Can you describe your daily routine?

I work in the Guardian office in the House of Commons and I start at about 8am. Sometimes I go to lobby briefings, or I take my laptop to events that are not being televised, but mostly I’m at my desk monitoring events in parliament and elsewhere on TV, but also keeping track of what is happening via the news wires, email, Twitter, WhatsApp etc. It’s a hybrid job; part reporting, but also largely editing.

How does blogging compare with conventional political reporting?

Andrew Sparrow blogging about Kenneth Clarke during the 2009 Conservative Party conference in Manchester.
Andrew Sparrow blogging about Kenneth Clarke during the 2009 Conservative Party conference in Manchester. Photograph: Martin Argles/The Guardian

Even though it’s unrelenting (a live blog does not work if you head off for a long lunch with a contact), I find it much more rewarding. As a newspaper reporter I would often end the day feeling that I had learned 20 interesting things, only about four or five of which I could get into the paper. The chat in the office was often more stimulating than what we were publishing. That was not because of a conspiracy to conceal information; it was just that, unless you could shoehorn information into the rigid format of a news story, you could not get it into the public domain.

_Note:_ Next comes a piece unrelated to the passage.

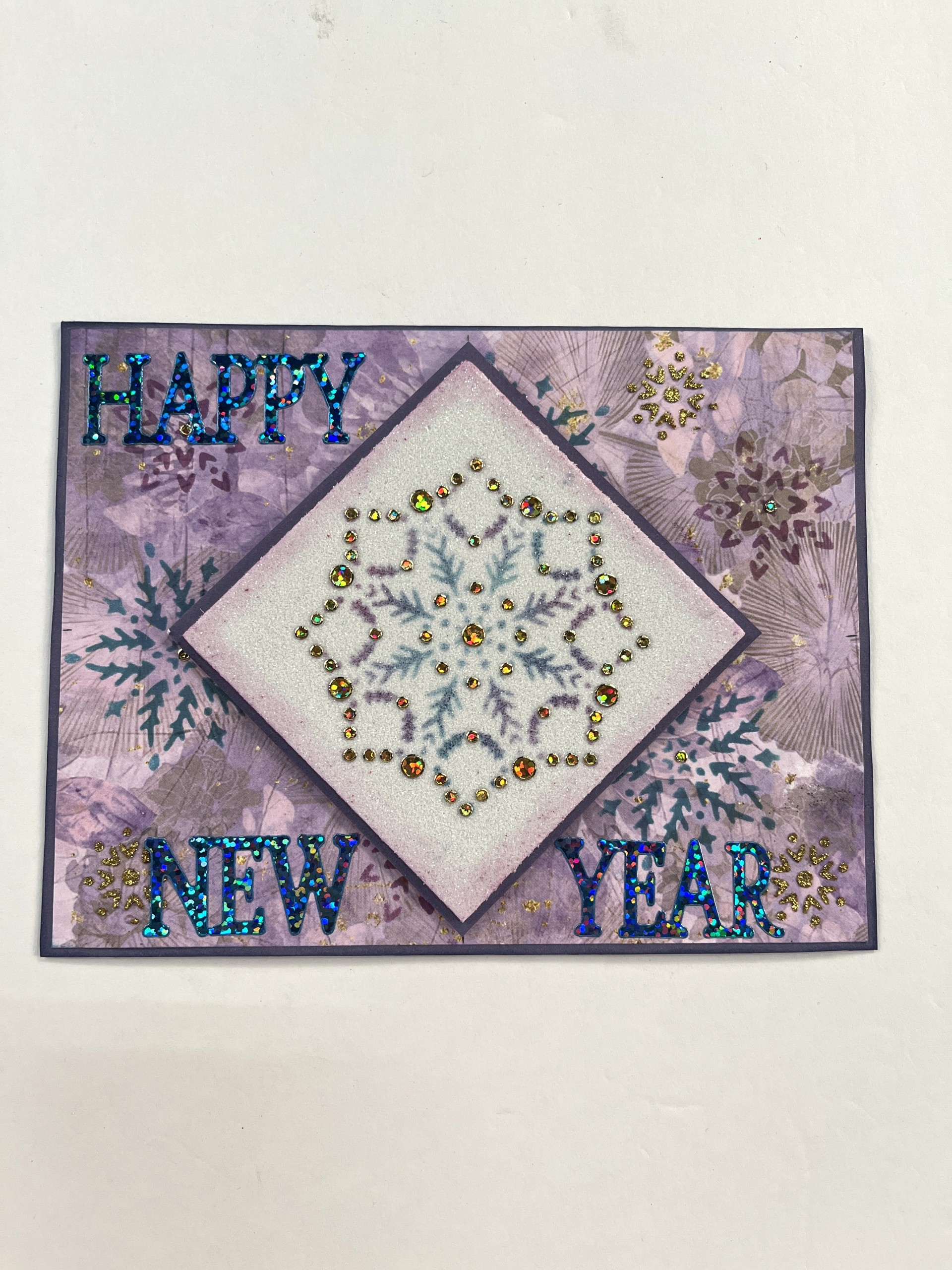Cut a 3 ¼”x3 ¼” white glitter foam. Place the largest snowflake shown centered on the foam. Using Teal and Orchid inks, cover the snowflake. Blend the colors in some areas. When dry, place the gold jewel Dazzles as shown. Mat on solid cardstock, and foam tape on point to the center of the card.

Writing a blog, that is not a problem. Partly that’s because space is unlimited. But mostly it’s a matter of having more elbow room as a journalist. Without being constrained by the conventions of writing a news story, there is more opportunity for commentary and analysis; for covering not just what happens, but what it means and why it matters. Now I never go home feeling I haven’t had the chance to share what I know.

What impact are Brexit and the Tory leadership contest having on the blog?

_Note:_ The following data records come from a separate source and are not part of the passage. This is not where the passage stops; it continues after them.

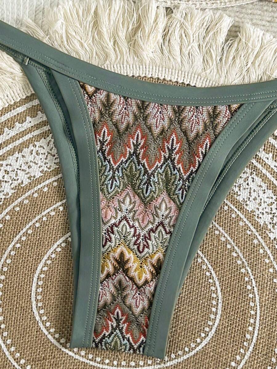 Conjunto de bikini de 2 piezas de punto texturizado para mujer, top corto con recorte y nudo delantero multicolor y bottom, traje de bano para la playa
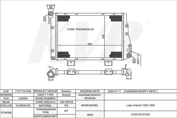 LADA SALOON,1970-93 BA3 2106 RADIATOR
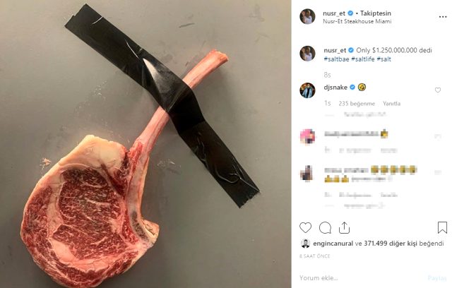 Türkiyəli fenomen qəssab Nusret Gökçe “Instagram” paylaşımı ilə gündəmə gəlib.

They’ve generated a surge of interest. I’ve been writing the live blog for almost 10 years and it’s never had such a big readership: 1m-plus hits a day on average in the first quarter of the year, when the Brexit crisis was acute. It’s less now, but the blog is almost always one of the five most read articles on the website on any day, and quite often it’s the best read.

You need three things for a live blog to work: what I call “now news” (that is, news you want to read immediately, not over breakfast tomorrow); a story that keeps changing; and a story that people want to read at length. Brexit ticks all these boxes.

Do you worry that you just don’t have time to analyse properly what’s going on?

A bit. If you have six hours to think about a politician’s speech, you will produce a more considered view than you can in 20-30 minutes (my timeframe – I write a lot of “snap verdicts”). But there is an intense demand for instant news and, if we don’t meet it, someone else will. There is a famous 19th century Times editorial saying the first duty of the press is to obtain “the earliest and most correct intelligence of the events of the time” and, by disclosing them, make them “the common property of the nation”. That still stands; it is just that “earliest” is quicker than it used to be. I also think the assumption “fast news must be flawed” is wrong: sometimes the quickest takes are the sharpest.

What do your readers contribute to your blog?

More than they probably realise. My blog regularly attracts 10,000 or more comments a day. I can’t read them all, but I read some and I try to reply to anyone who asks me a direct question (by wordsearching “Andrew”).

I don’t think I’m giving away any trade secrets if I say not all journalists welcome being told they’re wrong. Who does? But the live blog format makes it possible to have a very constructive relationship with readers. Once a reporter files a story, it’s over, and any non-positive feedback counts as a complaint. But my blog is open for eight or more hours a day, and when people point out mistakes, or challenge my judgment, there is time for me to respond.

In my book, no error is too minor to correct (if you care about getting the small things right, you’re more likely to get the big things right too) and if people question my analysis or language, as long as they’re not offensive, I’m happy to consider their point. Over time I’ve realised this scrutiny makes me a much better reporter. I spend around 20 minutes a day reading and replying to comments, and it’s a part of my routine I always find illuminating.